Vol.565

帝国の亡霊

北朝鮮が、水爆級の核実験をして、それを大気圏外で爆発させるEMP攻撃の能力を持ったことを宣言したことで、現行の全世界の通信情報システムが、人質にとられるという事態が生じています。すべての電子機器が機能しなくなり、銀行のコンピューターの記録が消滅すれば、預金者のマネーも消えることになります。
すべての面での安全保障というものを考えてこなかった日本という国家も、この攻撃で消滅する可能性があります。

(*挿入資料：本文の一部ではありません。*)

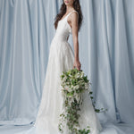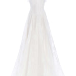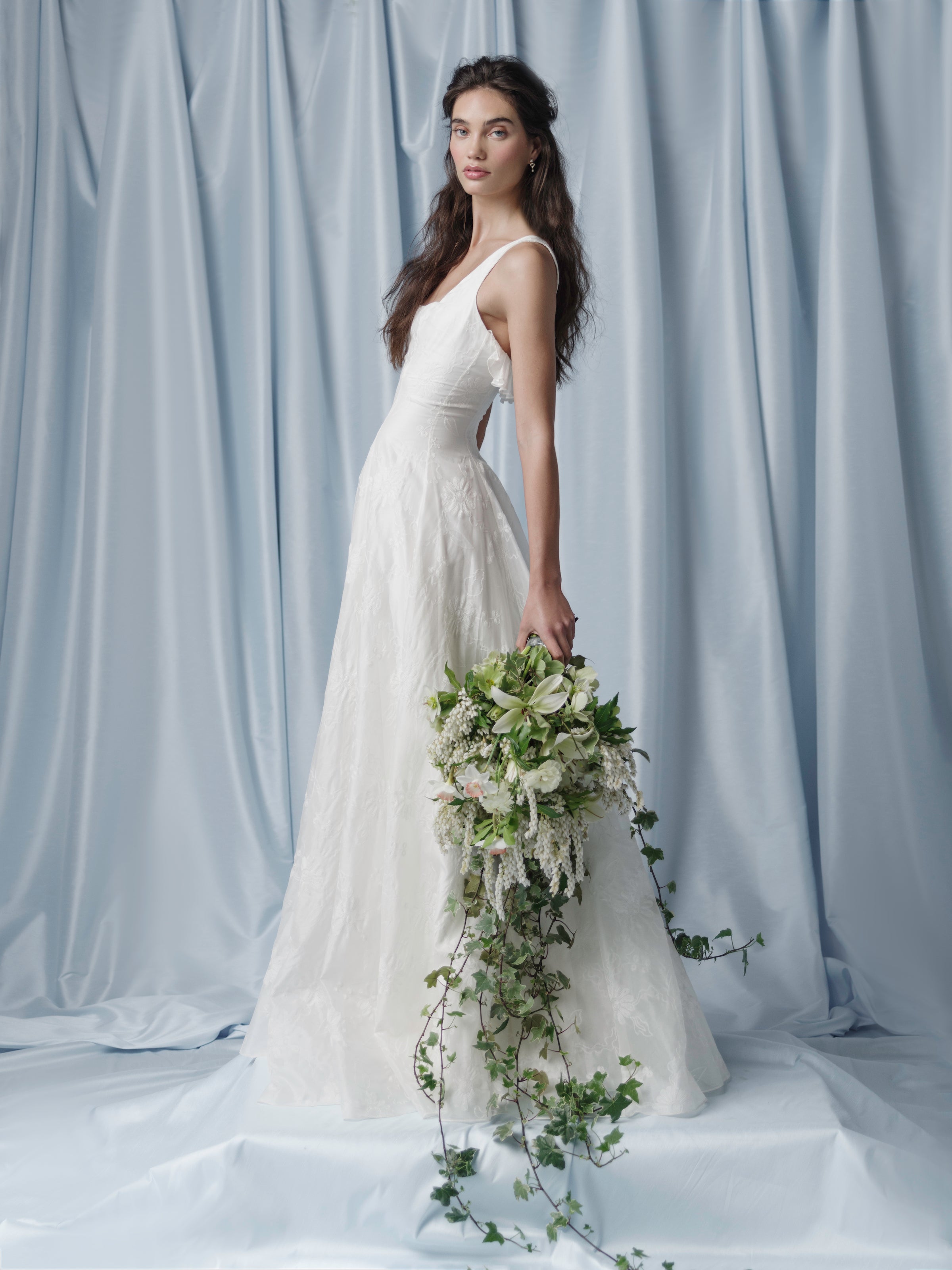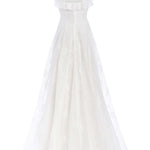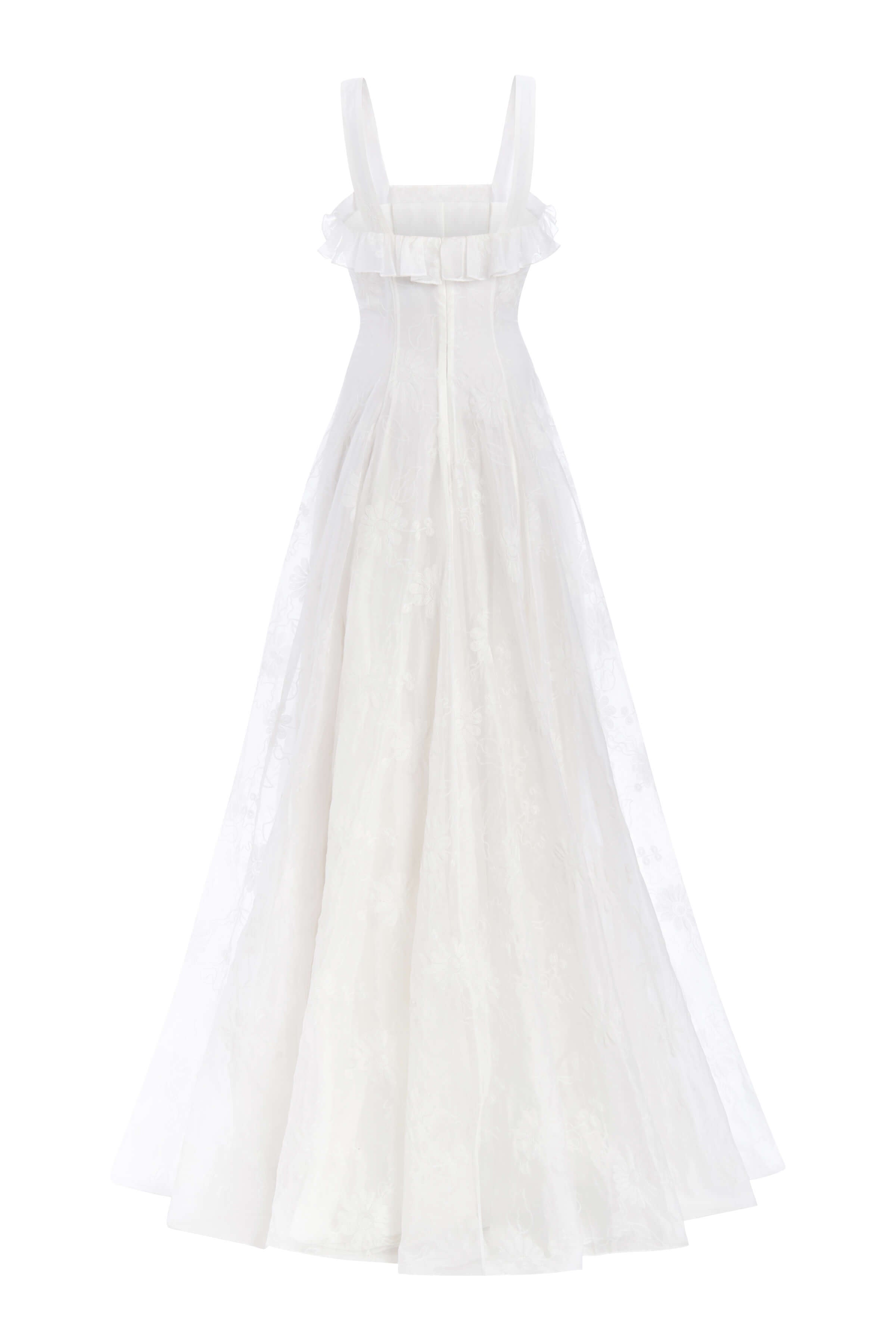 - Off-white embroidered daisy square neck a-line gown with back ruffle detail, fully lined

いま起きていることは、悪夢ではなく、現実化する可能性の高い戦争への階段だといえるのでしょう。
この問題のルーツは古く、私の知らされているデータでいうと、大日本帝国の各階層に浸透していた共産主義者のグループの播いた種と、大日本帝国内での活動を封じられた共産主義的思想を現実化するために大陸に渡って、満州国に夢を賭けた日本人たちが伝えた、日本語に翻訳された共産主義文献のことだま、おとだまの影響を、日本語の精神界的エネルギーの領域で正しく認識しないと、この危機の深刻さが理解できないばかりでなく、対応も誤ることになります。
旧大日本帝国は、朝鮮半島北部と南満州地域を先進的な工業地帯にすべく、莫大な設備投資をしたばかりではなく、現地の人材教育にもエネルギーを割きました。
こうしたバックグラウンドがあって、出口王仁三郎は大陸に渡ったのです。
ヨーロッパで生まれたマルクス・エンゲルスの共産主義は、ロシアでマルクス・レーニンの共産主義になりましたが、それが日本で漢字混じりの言葉に翻訳され、それが、大陸や半島の教科書になったのです。
精神学的にいうと、ここに、ソ連共産党が崩壊した後も、中国共産党も朝鮮労働党も残り続けている理由があることになります。
戦後の日本は、事実上、この共産主義政党が支配する国家を経済的にも支え続けてきました。
日本の国内に、この大陸と半島の国家に強いシンパシーを持つ人間グループが存在し、彼らが、事実上この国の世論を形成するちからを持っていたともいえます。その背景にあるのは、戦前の大日本帝国の教育の基本にあった、同じ黄色人種という、誤解にほかなりません。もちろん、その背景には江戸時代を通じて教育の基本を、孔子などの中国の古典に置いてきたこの国の伝統があるのですが、大陸の王朝の交替は、民族の絶滅史でもあったという、現実の歴史を無視した観念的な教育でしかあり得なかったという負の側面があったのです。
戦前の大日本帝国の軍人たちが、反乱を起した五・一五にしても二・二六にしても、彼らをつき動かしたのは、天皇の名のもとの社会主義革命または共産主義革命に過ぎないものでした。
ソ連のスパイであった、ゾルゲの協力者として、逮捕された尾崎秀実が獄中で書いたのは、天皇制共産主義への讃美だったのです。
敗戦後のGHQの対日政策が、現在の日本の姿をつくっているわけではなく、明治維新から今日まで続く、西欧文明が唯一の未来への扉であるという思い込みが、その出発点にあるといえるのでしょう。
日本人がそれを理解すると、ただ日本が嫌いで大日本帝国を打ち負かして、三十八度から北を、共産主義者の勢力に提供したアメリカのルーズベルト大統領がつくり出した世界の支配地図が、これから崩れはじめていく構図も見えてくるはずなのです。
私は、何度もくり返していますが、かつての日本の立場に置かれたアメリカ合衆国は、自分たちよりも狡猾で、長期的な戦略にたけた民族に向き合うのです。アメリカはベトナムで負けたことを忘れていないはずです。
アメリカを頼みにする日本の世論形成は、何者かにコントロールされているらしいと考えれば、いまの世界が見えてきます。